What is autigynephile? I’ve never heard of this term. Thanks everyone I will do some reading up later. My children are very well safeguarded
, DS1 might be battling through some stuff right now, but he doesn’t have a bad bone in his body. With his autism he’s very introverted, and might be unsure where boundaries lie in terms of how to dress, I have explained to him it’s not appropriate infront of my little ones but I don’t dress like that around the house and I don’t agree with it personally, so he’s resorted to wearing longer skirts with tights 🤷🏼‍♀️ not every night but some.
it’s hard to talk to him as with his autism he only really talks about a couple of certain subjects, if I ask a question he is open enough which is how I discovered what it is that he wants to do. He doesn’t just come out with it IYSWIM. . He has said he will hold out until he has his own space to take anything further.
this is all alien to me though and I am struggling with it 😞

They are men who get a sexual thrill from being seen as woman, getting their own breasts in particular to play with Sad. They dress as prostitutes usually as this is a real turn on, too. Often gay but homophobic. Hate women as extremely jealous. Protect your young children from him as a priority, please.

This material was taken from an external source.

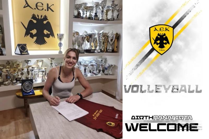 "Η ΑΕΚ βρίσκεται στην ευχάριστη θέση να ανακοινώσει την έναρξη της συνεργασίας της με την Παναγιώτα Διώτη. Η 28χρονη (13/11/1992) ακραία, ύψους 1,86 μ., υπέγραψε μονοετές συμβόλαιο και εντάσσεται στο δυναμικό της γυναικείας ομάδας βόλεϊ του Συλλόγου.

Pleasesendhelp8 · 02/01/2025 20:18

CarefulN0w · 02/01/2025 19:38

OP I'm sorry to raise this, but how long has your DS been staying away at college? Although online grooming is sadly very common, sexual abuse can also be a cause of gender dysphoria and may be something you need to rule out.

He stays at a close (female) family members who lives closer to the college than we do. He usually pops in for his dinner still in the evenings it’s just for convenience more than anything.

OP posts:
arcticpandas · 02/01/2025 21:22

Pleasesendhelp8 · 02/01/2025 16:09

Also can’t help but feel as if I’m partly to blame, because he never had a father figure or any positive male role model in his life. .

Living with a single mother does not make you homosexual nor transsexual ! Unfortunately this is a trend in society to think one can change gender as one change style. Not your fault!

Delphinium20 · 02/01/2025 21:49

Mamabearto3 · 02/01/2025 09:00

What is GPT?

that thing you're using when you type in, "How to respond positively to mean terfs."